German Chancellor Olaf Scholz admitted Thursday that releasing Krasikov — who German judges said had carried out the assassination on orders from Moscow — had not been easy.
In return, Berlin secured the release of five German nationals — including some with dual Russian citizenship.
‘Illegals’
Peskov also confirmed that a Russian couple released from Slovenia were also spies.
Artem Dultsev and Anna Dultseva, whose two children were sent to Russia in the deal, had been posing as an Argentine couple that ran an IT businesses and art gallery in Ljubljana.
“The children of the illegals who arrived yesterday only found out they were Russian on the plane from Ankara,” said Peskov. “They do not speak Russian.”
“Illegals” is a term used to refer to Russian undercover spies who live in foreign countries for years, even decades, under fake identities, gathering intelligence to send back to Moscow.
Putin had greeted the children with “buenas noches” — Spanish for “good evening” — after their arrival on Thursday.
“They didn’t even know who Putin was,” said Peskov. “That’s how illegals work, making such sacrifices for the sake of their work and their dedication to their service.”

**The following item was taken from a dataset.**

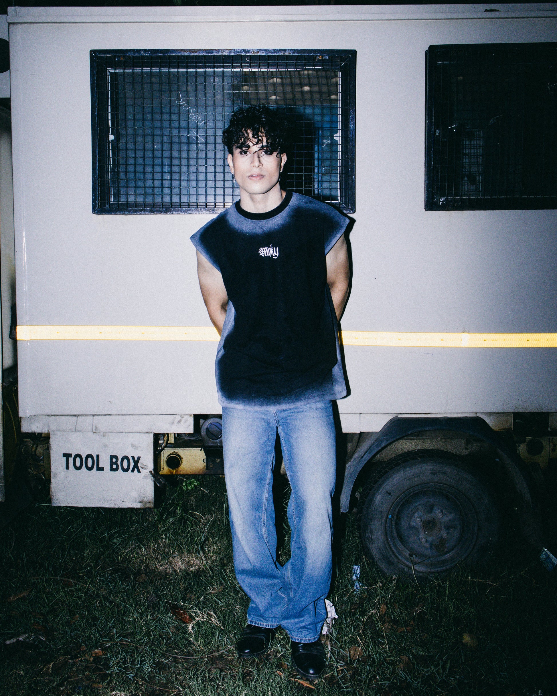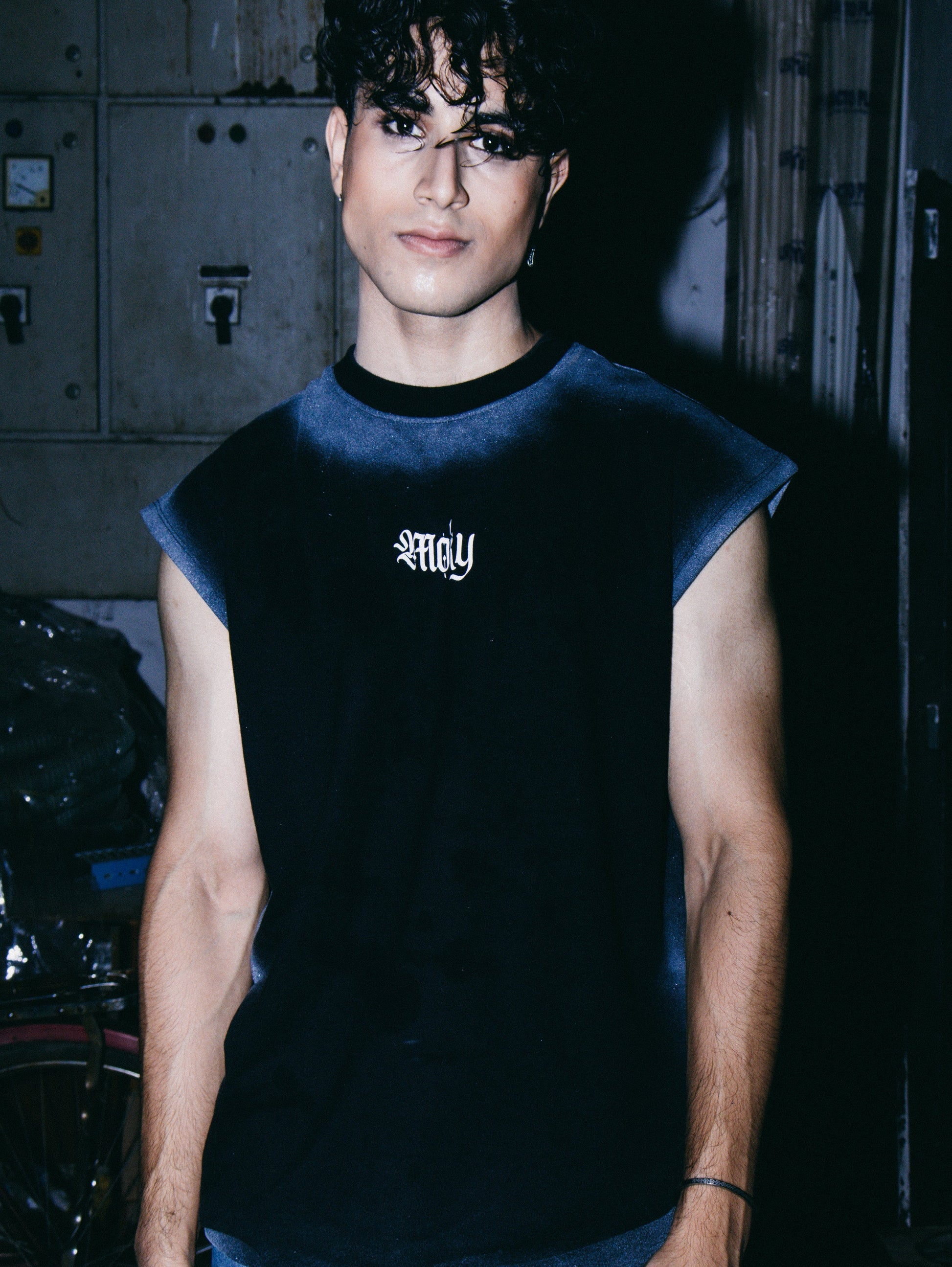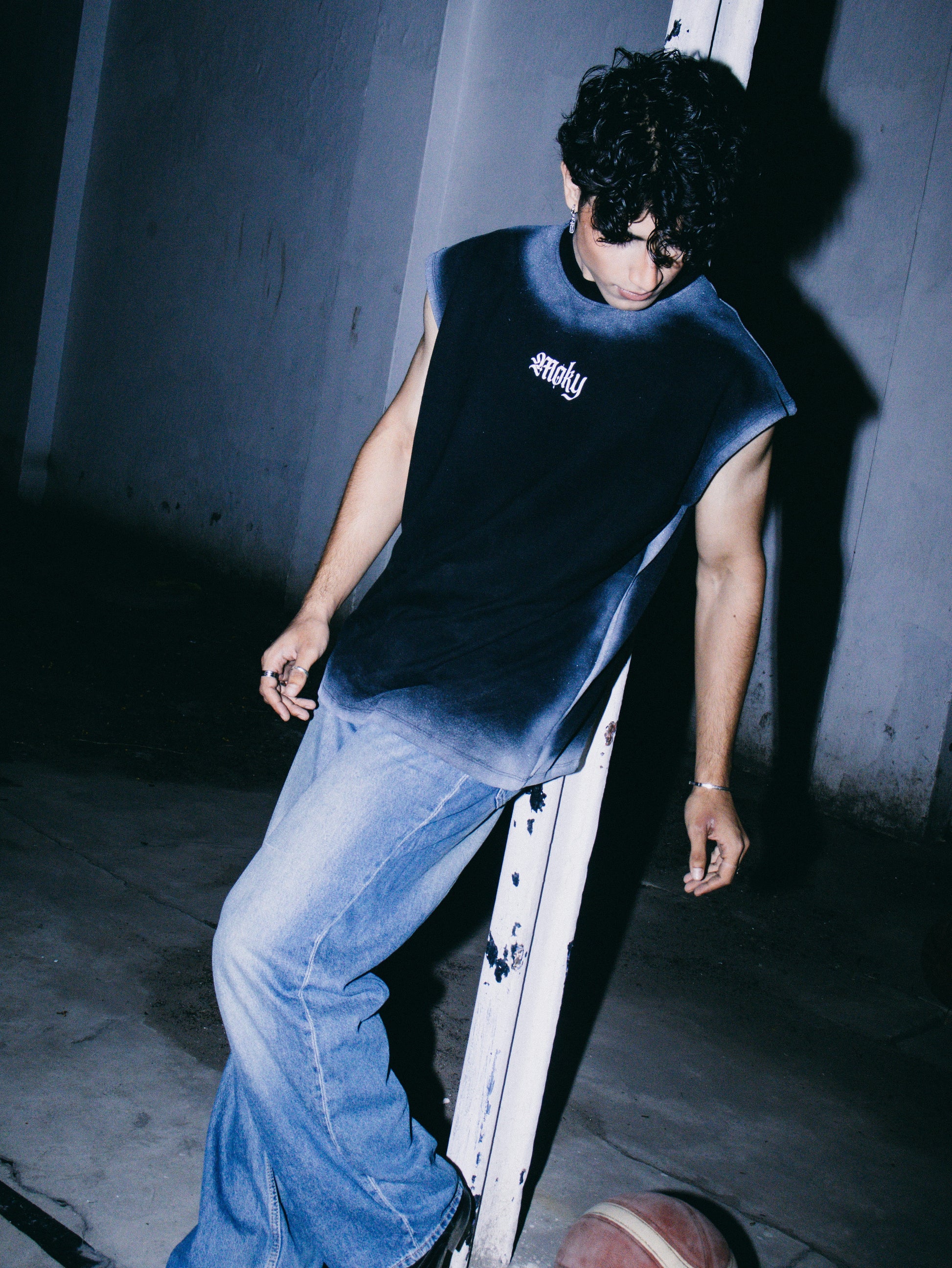 The standout feature is the hand-applied spray dye effect along the shoulders and borders, creating a gradient, raw aesthetic that blends grunge with streetwear minimalism. Each piece is uniquely sprayed, ensuring no two tanks are exactly alike. The armholes are left with a raw-cut finish, enhancing the edgy, unfinished appeal while keeping the look relaxed and unrestricted.

To secure their return, Putin agreed to release not only the three US citizens, but some of his fiercest domestic critics who had been jailed for campaigning against him.
‘Wonderful’
Russia released three US citizens — journalists Evan Gershkovich and Alsu Kurmasheva, and ex-marine Paul Whelan — in a deal heralded by US President Joe Biden as an historic “feat of diplomacy”.
They touched down in Texas on Friday for medical checks after earlier landing at Joint Base Andrews, just outside Washington.
Their arrival on US soil late Thursday was met by cheers from family and friends as they disembarked a plane, before each embracing Biden and Vice President Kamala Harris.
In total, 24 prisoners were freed — eight by the West, 15 by Russia and one by Russia’s ally Belarus.
In emotional scenes at the air base, Wall Street Journal reporter Gershkovich was filmed embracing and lifting his mother into the air as they reunited after 16 months in captivity.
Radio Free Europe/Radio Liberty editor Kurmasheva, who also holds Russian citizenship, ran to hug her two children, while Paul Whelan, who spent more than five years in Russian prisons, expressed relief at finally being free.
“I’m glad I’m home. I’m never going back there again,” Whelan laughed.
The United States had denounced the charges against all three of them as baseless.